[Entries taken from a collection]
○ ○ ○ ○ ○
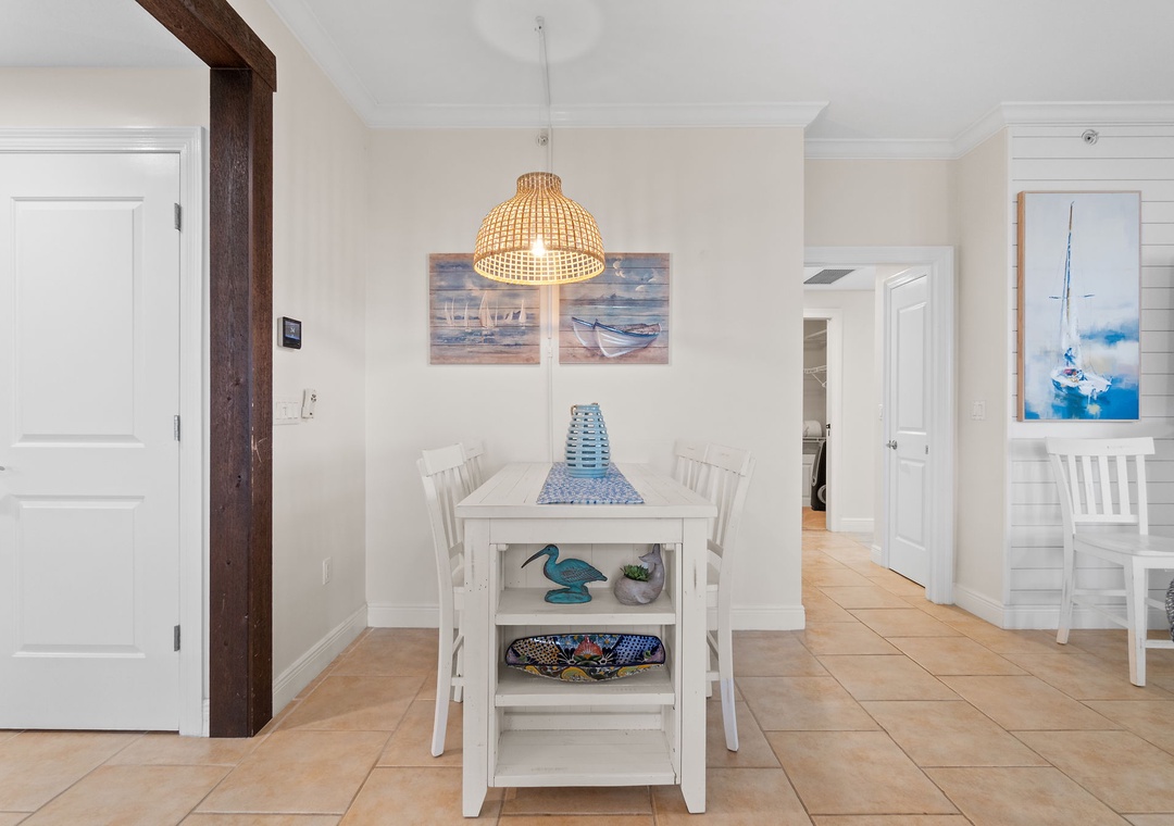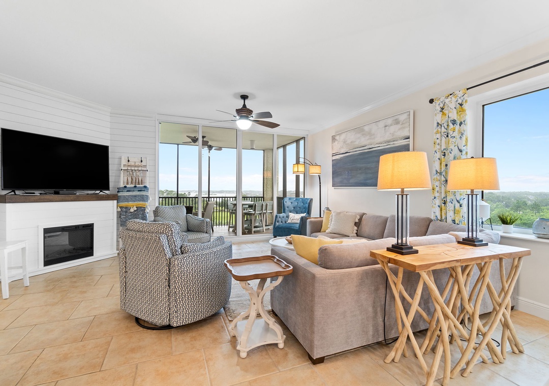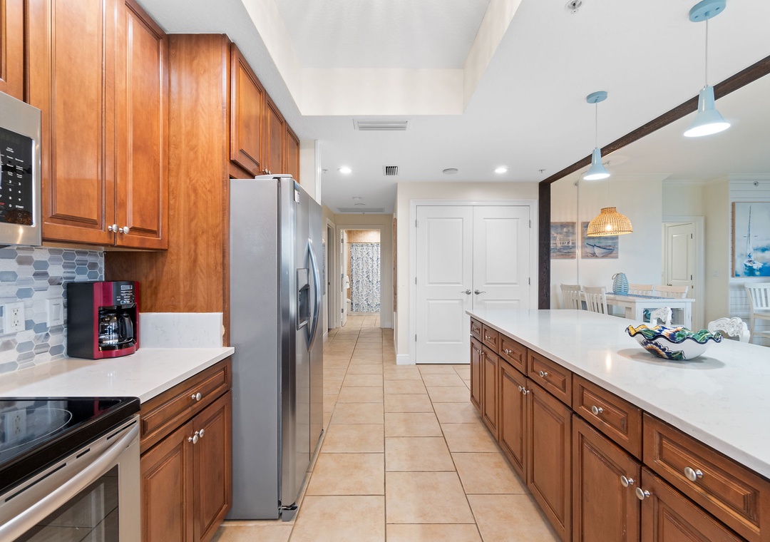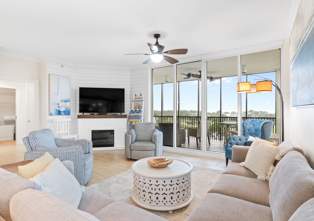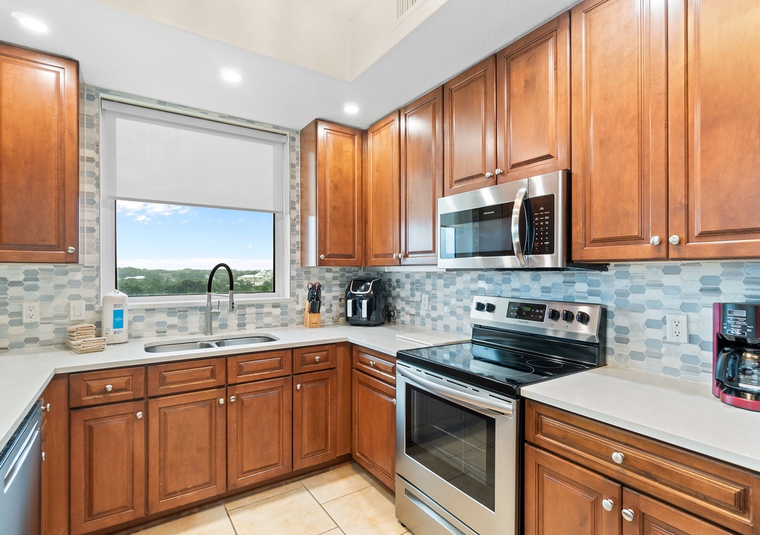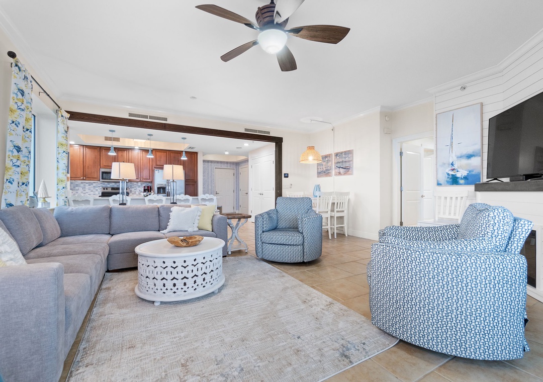 This well-appointed 3-bedroom unit features a spacious open concept layout, updated electronics and beautiful décor throughout! Lounge with the family for movie night in the living area, complete with a huge curved sectional sofa with built in recliner, a large flat screen HDTV, and balcony access! The sliding glass doors open to your screened in terrace, where you can sit and enjoy the lush views of the Lost Key Golf Course. With plenty of seating you can even enjoy a delicious dinner alfresco. The gourmet kitchen offers everything needed to inspire your inner-chef. The dining area offers a high top table with additional seating at the breakfast bar.
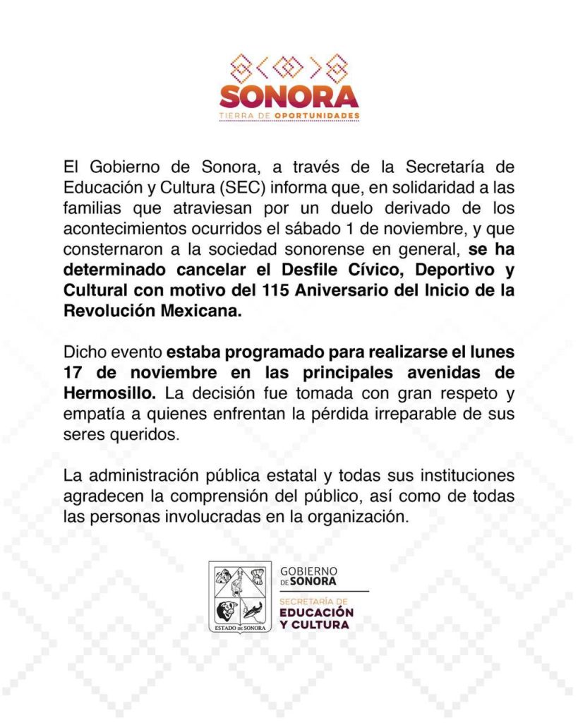 Hermosillo, Sonora; 8 de noviembre de 2025. El Gobierno de Sonora, a través de la Secretaría de Educación y Cultura (SEC), informó la cancelación del Desfile Cívico, Deportivo y Cultural con motivo del 115 Aniversario del Inicio de la Revolución Mexicana, como muestra de solidaridad con las familias que enfrentan el duelo derivado de los hechos ocurridos el pasado 1 de noviembre en Hermosillo.
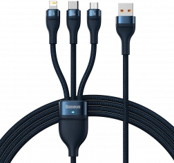 A Baseus kábel egyedülálló kombinációját kínálja a három csatlakozónak - USB-C, Micro USB és Lightning. Ez azt jelenti, hogy akár három különböző eszközt is tölthet egy időben egyetlen kábellel! Akár 66W teljesítménnyel ez a kábel ideális a készülék gyors feltöltéséhez és széles körű kompatibilitást biztosít különböző márkák eszközeivel, mint például Apple, Samsung vagy Xiaomi.
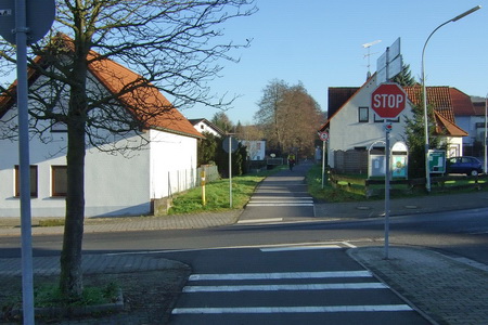 Nun geht es hinunter nach Gedern. Die zwei großen Schleifen zur Überwindung des Höhenunterschieds erfordern auch eine mehrfache Überquerung des Mühlbaches. Bemerkenswert und zur Nachahmung empfohlen: An den kleineren Querwegen hat der Radweg Vorfahrt!
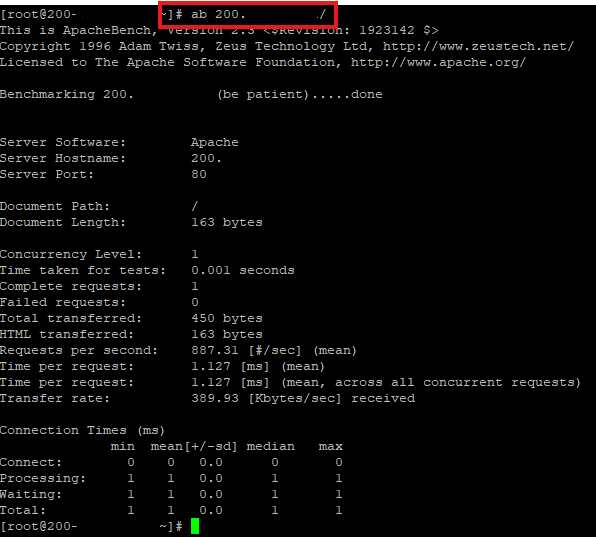 En esta prueba ejecutamos el comando # ab +IPservidor/ el cual no indicara los detalles entregados en la lista mas abajo.
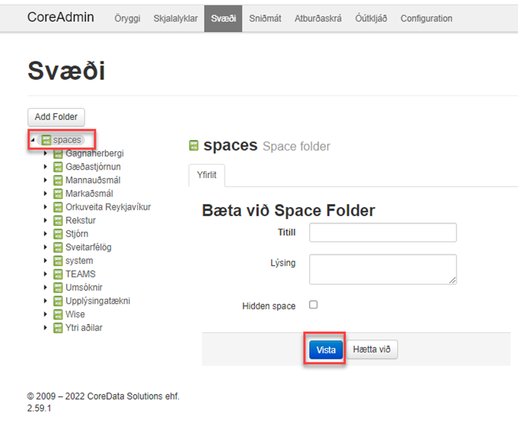 Smelltu á rót (e. default domain/efsta svæðið) til þess að búa til yfirsvæði og því næst á Add Folder. Síða til þess að skilgreina yfirsvæði opnast. Skrifaðu heiti á yfirsvæðinu auk lýsingar ef þörf er á. Hægt er að láta lýsingu birtast notendamegin með því að haka í Show space description in CoreData.
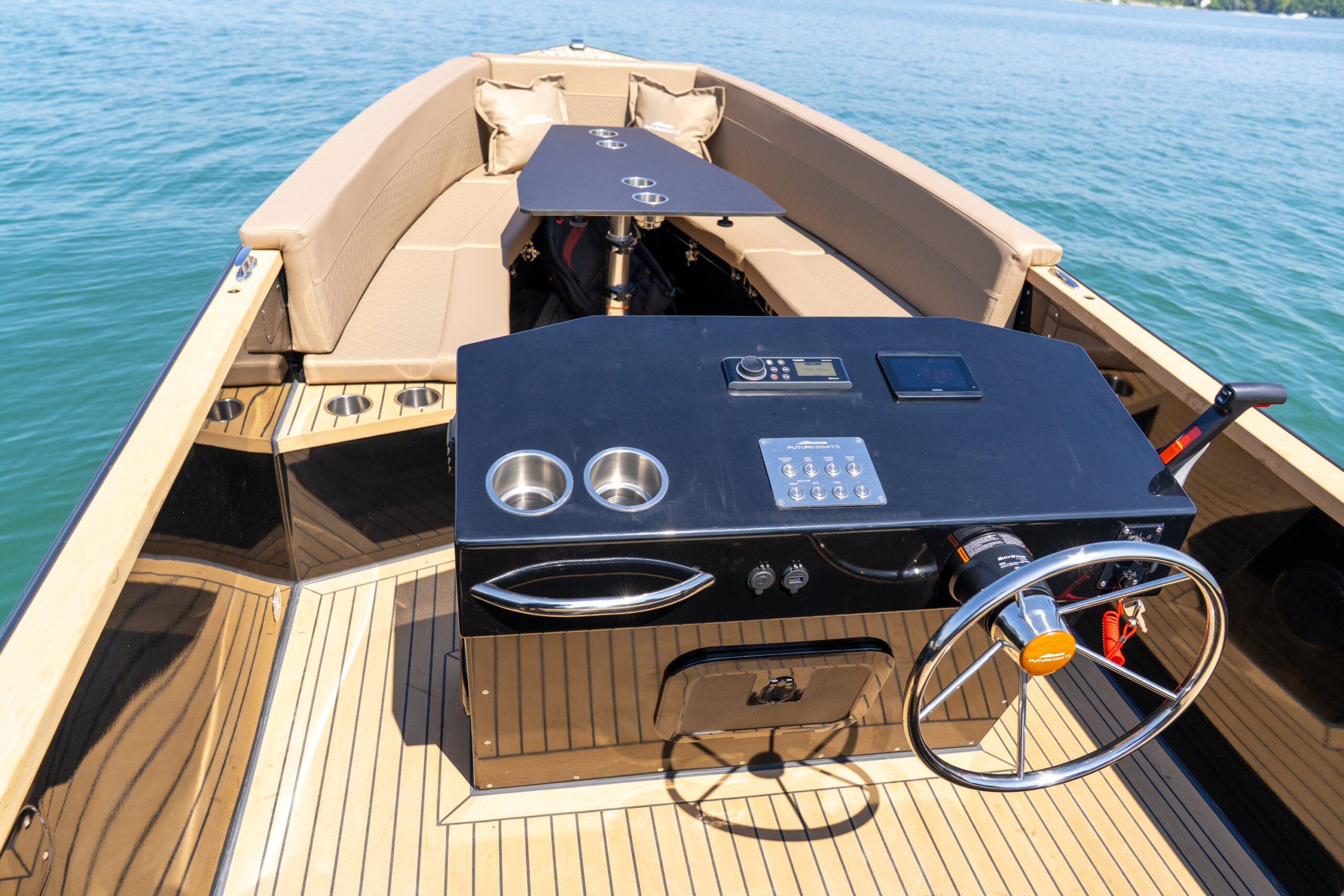 Flex-Teak * Bimini vorne, hinten * Tisch, pneumatisch * Badeleiter * Anker 8 kg, 40 m Leine * Audio System * Antifouling * Bootsabdeckung * Yamaha Instrumente Touchscreen Display CL5
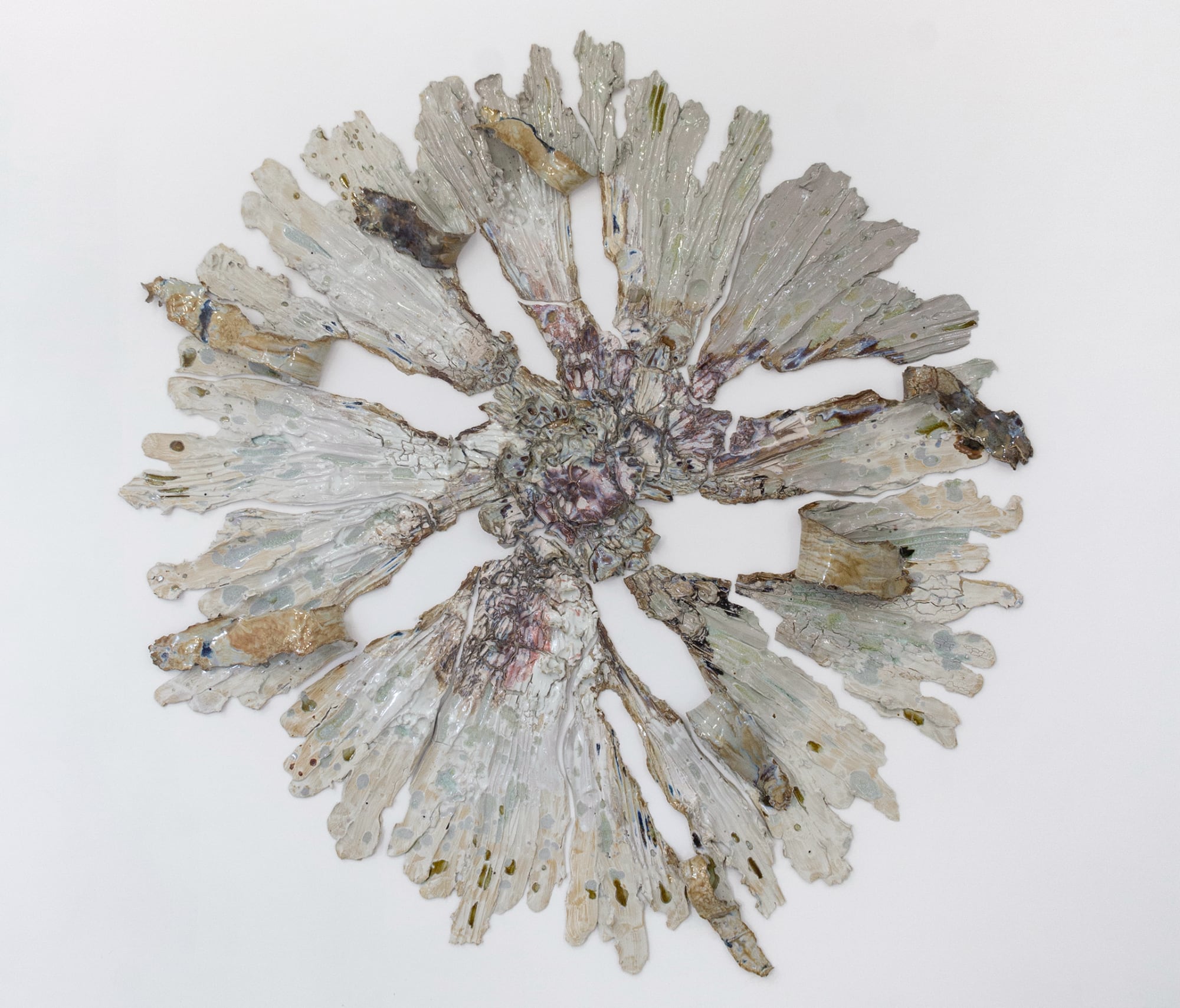 Beginning with 130 pounds of soft clay, Brie Ruais sculpts radial forms that capture her body’s movement and proportions. The amount of material aligns with the artist’s weight, which she heaves from a central point to create the appearance of bursting outward. Each textured wall work freezes an imprint of her body, while glazes in deep charcoal, blue, beige, and rose conjure the elements of earth, water, air, and fire.
○ ○ ○ ○ ○
• _WHAT TO PRODUCE_: Keep out the pictures, and copy exactly the lines from the one that contains "Flex-Teak * Bimini" through the final line of the records above, both ends included.

• _RESULT OF THIS TASK_:
 Flex-Teak * Bimini vorne, hinten * Tisch, pneumatisch * Badeleiter * Anker 8 kg, 40 m Leine * Audio System * Antifouling * Bootsabdeckung * Yamaha Instrumente Touchscreen Display CL5
 Beginning with 130 pounds of soft clay, Brie Ruais sculpts radial forms that capture her body’s movement and proportions. The amount of material aligns with the artist’s weight, which she heaves from a central point to create the appearance of bursting outward. Each textured wall work freezes an imprint of her body, while glazes in deep charcoal, blue, beige, and rose conjure the elements of earth, water, air, and fire.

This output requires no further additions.